Hotel reservations drive Sabre's bookings rebound
Sabre CEO Sean Menke reported that a bookings recovery accelerated significantly in the second quarter, with strong hotel reservations continuing to drive the rebound.
“[We saw] the strongest sequential improvement since Q3 of 2020,” Menke told investors during the company’s second-quarter earnings call on Tuesday. “As has been the case since the start of the recovery, hotel CRS transactions are leading, down 22% in July versus 2019.”
Although domestic leisure demand has propelled the U.S. recovery thus far, Menke added that Sabre has seen corporate travel “green shoots.” Sabre said North America bookings at travel management companies improved by 20 percentage points versus April, and currently sit at nearly 50% of 2019 levels.
Still, Menke cautioned that “some recovery trends regressed in July,” citing impact from rising Covid case counts and concerns surrounding the delta variant.

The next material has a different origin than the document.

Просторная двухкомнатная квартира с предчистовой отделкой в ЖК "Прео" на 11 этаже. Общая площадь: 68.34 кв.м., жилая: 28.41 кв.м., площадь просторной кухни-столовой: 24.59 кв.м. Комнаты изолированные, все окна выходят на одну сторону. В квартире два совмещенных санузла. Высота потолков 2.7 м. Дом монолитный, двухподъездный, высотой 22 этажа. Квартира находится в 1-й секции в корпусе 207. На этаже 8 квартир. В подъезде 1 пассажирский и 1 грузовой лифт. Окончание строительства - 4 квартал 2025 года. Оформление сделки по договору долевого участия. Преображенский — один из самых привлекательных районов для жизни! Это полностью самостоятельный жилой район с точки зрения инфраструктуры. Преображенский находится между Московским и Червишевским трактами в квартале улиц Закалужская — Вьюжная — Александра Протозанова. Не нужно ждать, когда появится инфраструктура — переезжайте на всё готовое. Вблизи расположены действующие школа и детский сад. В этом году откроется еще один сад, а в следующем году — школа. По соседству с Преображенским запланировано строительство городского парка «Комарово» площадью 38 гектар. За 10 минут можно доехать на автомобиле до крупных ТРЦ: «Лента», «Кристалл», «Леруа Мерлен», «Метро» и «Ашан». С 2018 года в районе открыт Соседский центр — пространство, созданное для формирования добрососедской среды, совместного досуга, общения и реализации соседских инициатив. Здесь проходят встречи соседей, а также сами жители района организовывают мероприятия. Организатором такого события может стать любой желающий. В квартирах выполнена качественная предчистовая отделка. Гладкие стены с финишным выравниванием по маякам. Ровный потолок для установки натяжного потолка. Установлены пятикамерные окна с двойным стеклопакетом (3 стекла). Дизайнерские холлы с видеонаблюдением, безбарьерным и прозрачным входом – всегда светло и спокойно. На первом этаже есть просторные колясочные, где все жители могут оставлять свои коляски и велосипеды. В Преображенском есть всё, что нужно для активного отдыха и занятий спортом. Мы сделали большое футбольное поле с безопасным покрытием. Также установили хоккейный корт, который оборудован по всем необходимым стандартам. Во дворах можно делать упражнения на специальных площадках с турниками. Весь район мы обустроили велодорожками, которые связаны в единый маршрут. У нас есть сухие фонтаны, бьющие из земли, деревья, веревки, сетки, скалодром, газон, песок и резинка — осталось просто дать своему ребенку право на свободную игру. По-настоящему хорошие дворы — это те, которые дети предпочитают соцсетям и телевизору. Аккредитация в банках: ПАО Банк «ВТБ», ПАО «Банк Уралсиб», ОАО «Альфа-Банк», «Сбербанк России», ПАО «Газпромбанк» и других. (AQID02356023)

“Case counts have correlated with a near-term impact on bookings,” said Menke. “The promising news is that as case counts and travel restrictions subside, the underlying travel demand trends remain encouraging, and we believe the overall recovery arc remains positive.

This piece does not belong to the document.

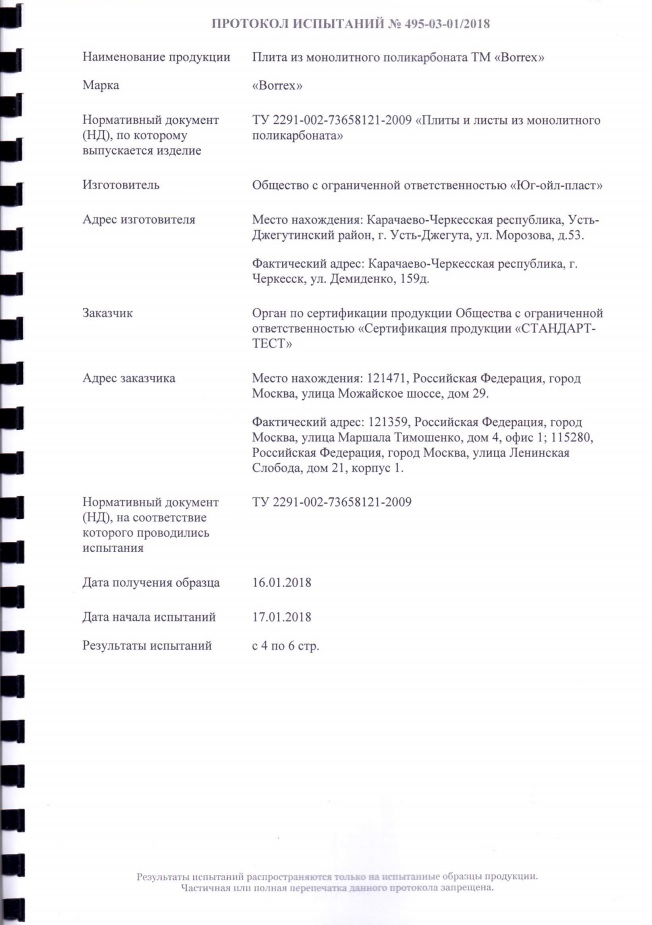 | Тип товара: | Монолитный поликарбонат |

For the quarter, Sabre’s bookings totaled 57 million, a 60% decline from the same period in 2019.
Compared to 2019, net air bookings were down 65%, 62%, and 49% in April, May and June, respectively, and down 59% in the second quarter as whole. North America — Sabre’s largest market — emerged as the standout region for air bookings, according to Menke, led by the U.S.
Passengers boarded totaled 104 million, down 43% from the second quarter of 2019.
Meanwhile, Sabre’s second-quarter revenue totaled $420 million, which Sabre executive vice president and CFO Doug Barnett called a “significant improvement” on 2020’s second-quarter revenue of $83 million.
Sabre’s net loss for the quarter totaled $168 million, compared with a net loss of $356 million in the second quarter of 2020.